The size of a sample influences the cost of a study, as well as the usefulness of the results. A sample that is too small can exclude information. One too large is costly and cumbersome.



Often, researchers need to know the smallest sample that can be taken and yet still have estimates that are accurate.



Decision-makers first agree to the amount of error they will tolerate from the results. This is called the margin of error (E).



Along with margin of error, researchers also assign a critical value (C.V.) that is based upon the probability for extreme values in the population.



These two factors are combined with knowledge about the population's standard deviation (sigma) to reach a recommmended sample size.



n= [(C.V. * sigma) / E]^2



In order to apply the Central Limit Theorem, the common rule of thumb is a minimum sample size of 30. However, if the population is bell-shaped, it can be smaller.

Margin of Error

Margin of Error (E) is the error that can be tolerated when estimating a value.

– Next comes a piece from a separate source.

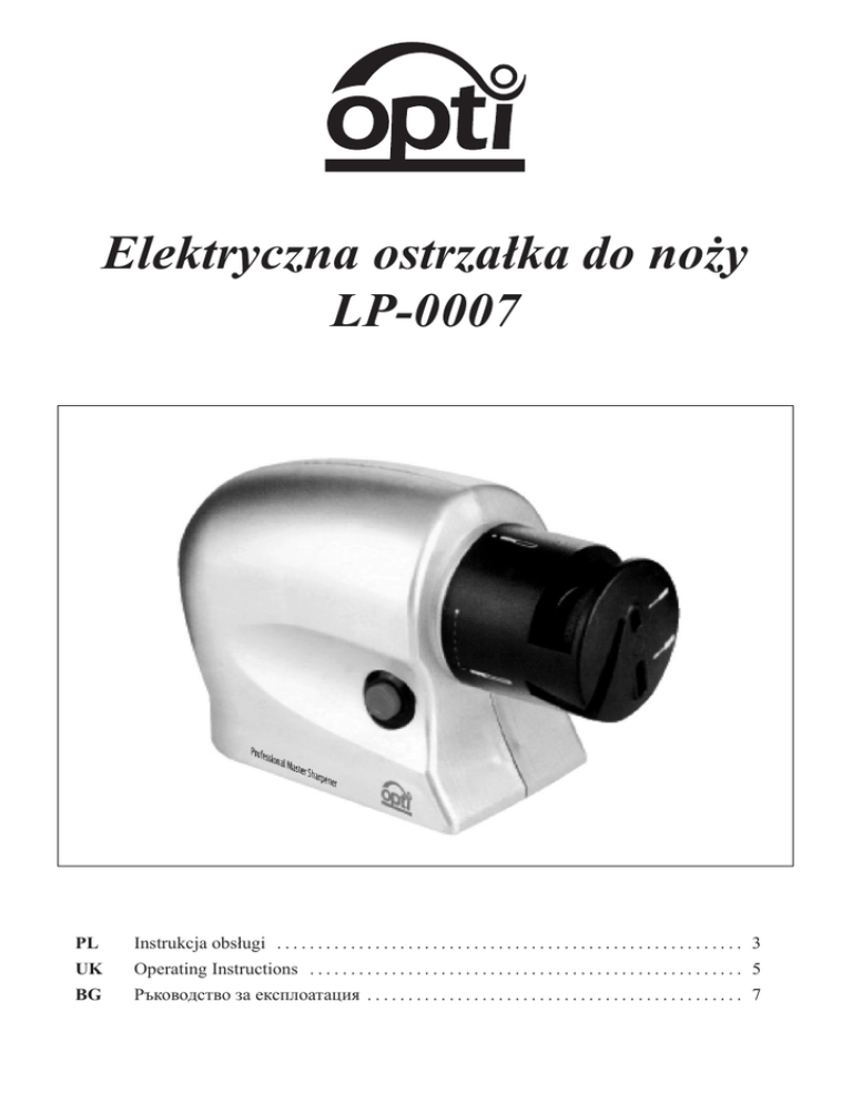 Elektryczna ostrzałka do noży LP-0007 PL Instrukcja obsługi . . . . . . . . . . . . . . . . . . . . . . . . . . . . . . . . . . . . . . . . . . . . . . . . . . . . . . . . . . 3 UK Operating Instructions . . . . . . . . . . . . . . . . . . . . . . . . . . . . . . . . . . . . . . . . . . . . . . . . . . . . . . 5 BG Ръководство за експлоатация . . . . . . . . . . . . . . . . . . . . . . . . . . . . . . . . . . . . . . . . . . . . . . . 7 ELEKTRYCZNA OSTRZAŁKA DO NOŻY LP-0007 KARTA GWARANCYJNA NR .............. Ważna wraz z dowodem zakupu Sprzęt przeznaczony wyłącznie do użytku domowego Nazwa sprzętu: ................................................................................... Typ, model: ......................................................................................... Data sprzedaży: .................................................................................. ................................................. pieczątka i podpis sprzedawcy Warunki gwarancji Produkt objęty jest 24-miesięczną gwarancją od daty jego zakupu. Gwarancja dotyczy wyrobów zakupionych w Polsce i jest ważna na terytorium Rzeczypospolitej Polskiej. W tym okresie istnieje wygodna możliwość wymiany uszkodzonego produktu na nowy w miejscu jego zakupu (termin na rozpatrzenie reklamacji wynosi 14 dni). Podstawą do wymiany jest czytelnie wypełniona karta gwarancyjna z załączonym do niej dowodem zakupu produktu. Niniejsza gwarancja nie obejmuje uszkodzeń powstałych w wyniku nieprawidłowego użytkowania produktu, uszkodzeń mechanicznych lub samowolnych napraw. Gwarancja nie wyłącza, nie ogranicza ani nie zawiesza uprawnień kupującego wynikających z niezgodności towaru z umową. SERWIS ARCONET ul. Dr Jana Huberta 41 05-300 MIŃSK MAZOWIECKI tel. (25)759-12-31, INFOLINIA: 0801-44-33-22 LISTA PUNKTÓW SERWISOWYCH: www.arconet.pl IMPORTER / DYSTRYBUTOR: Expo-service Sp. z o. o. 00-710 Warszawa, Al. Witosa 31/22, Polska tel. +48 25 759 1881, fax +48 25 759 1885 [email protected] www.opti.hoho.pl 2 Adres do korespondencji: Expo-service Sp. z o. o. 05-300 Mińsk Mazowiecki ul. Grobelnego 4 LP0700_IM_PL_UK_BG_RO_13062013 PL INSTRUKCJA OBSŁUGI Elektryczna ostrzałka do noży LP-0007 PRZED PIERWSZYM UŻYCIEM -Rozpakować urządzenie i jego części, sprawdzając czy wszystkie są w dobrym stanie. - Zapoznać się dokładnie z niniejszą instrukcją, a następnie przestrzegać zaleceń dotyczących obsługi i bezpieczeństwa. Zachować niniejszą instrukcję i poinformować o niej przyszłych użytkowników urządzenia. CHARAKTERYSTYKA -Elektryczna ostrzałka do noży kuchennych i nożyczek ze stali nierdzewnej. Nie nadaje się do noży z ząbkami. - Zasilanie: 220-240 V~ 50 Hz 10 W. - 6-pozycyjny, obrotowy układ ostrzący. ZALECENIA DOTYCZĄCE BEZPIECZEŃSTWA 1. Urządzenie jest zgodne z obowiązującymi normami dotyczącymi tego rodzaju produktów. 2. Urządzenie jest przeznaczony do pracy z lokalnym zasilaniem sieciowym. 3.Jeśli konieczne jest użycie przedłużacza, powinien on być uziemiony i ułożony tak, aby nie stwarzać ryzyka zaplątania się w przewód. 4. Powierzchnia robocza powinna być stabilna i sucha. Nie wolno umieszczać urządzenia na gorących powierzchniach. 5. Nie dopuszczać, aby przewód zasilający stykał się z gorącymi powierzchniami. 6. OSTRZEŻENIE: Nie wolno zanurzać urządzenia w wodzie lub innej cieczy. 7. Nie włączać urządzania, jeśli jest puste. 8.Postępować zgodnie z instrukcją obsługi. W przeciwnym razie urządzenie może się nagle wyślizgnąć, co grozi urazem. 9. UWAGA: Nie zwilżać ani nie smarować osełki, gdyż może stać się niezdatna do użytku. 10. Zawsze zachować ostrożność podczas pracy urządzenia. 11.Nie odłączać pokrętła wyboru ostrzałki podczas pracy urządzenia. 12. Nie pozostawiać włączonego urządzenia bez nadzoru. 13.Urządzenie nie jest przeznaczone dla osób (w tym dzieci) o ograniczonych zdolnościach fizycznych, czuciowych lub umysłowych, bądź osób nieposiadających doświadczenia i odpowiedniej wiedzy, chyba że są one nadzorowane przez osobę odpowiedzialną za ich bezpieczeństwo lub otrzymały od niej wskazówki dotyczące używania urządzenia. 14. Dzieci powinny znajdować się pod nadzorem, aby uniemożliwić im zabawę urządzeniem. 15. To urządzenie nie jest zabawką. Chronić przed dziećmi. 16. Nie używać urządzenia, jeśli przewód zasilający jest wadliwy. W takim przypadku nie wolno wymieniać przewodu zasilającego samodzielnie – powinien go wymienić wykwalifikowany specjalista. 17. Urządzenie należy odłączyć od zasilania: - po każdym użyciu, - przed jego przenoszeniem, - jeśli nie działa prawidłowo. 18. Urządzenie jest przeznaczone wyłącznie do użytku domowego. Użycie do zastosowań profesjonalnych, niewłaściwe użycie lub użycie niezgodne z instrukcją obsługi skutkuje wyłączeniem odpowiedzialności producenta i nie jest objęte gwarancją. OPIS: 1.Wyłącznik 2. Pokrętło wyboru ostrzałki Pozycja wskaźnika Uwaga: W celu zapoznania się z urządzeniem zalecamy najpierw naostrzyć stary przedmiot. Niewłaściwe ostrzenie przedmiotów może spowodować uszkodzenie ostrza. OBSŁUGA - Sprawdzić, czy ostrzałka jest sucha i czy nie jest zabrudzona smarem. -Umieścić urządzenie na płaskiej powierzchni. Podłączyć urządzenie do gniazdka sieciowego. - Ustawić odpowiednio pokrętło wyboru ostrzałki (2) w zależności od rodzaju ostrzonego przedmiotu. Pokrętło wyboru ostrzałki przekręcać do momentu, aż umieszczony na nim wskaźnik (biała kropka z symbolem przedmiotu) nie znajdzie się na szczycie urządzenia. Uwaga: Symbol <=> jest przeznaczony wyłącznie do odłączania pokrętła wyboru ostrzałki (2). Nie wolno go wybierać w celu naostrzenia przedmiotu. 3 -Przytrzymując urządzenie lewą ręką, nacisnąć przycisk Start/Stop (1) lewym kciukiem – osełka zacznie się obracać. Po zwolnieniu przyci

For confidence intervals, it is calculated as the critical value multiplied by the standard error -

E = Crit Val * Std Err

First, you look up the critical value from the probability table (t or z), then you calculate the standard error. Multiply these together.

Margin of Error tells you how much 'cushion' to place on your estimated value.

This cushion will be larger or smaller depending on the critical value that the researcher has chosen.

However, to determine sample size (n), the margin of error is chosen, not calculated.

For example, a buyer wants to know the sample size needed to estimate the average cost of shoes. He needs the estimate to be within ten dollars of the true population mean.

In this case, you will use E=10 in the formula for solving sample size.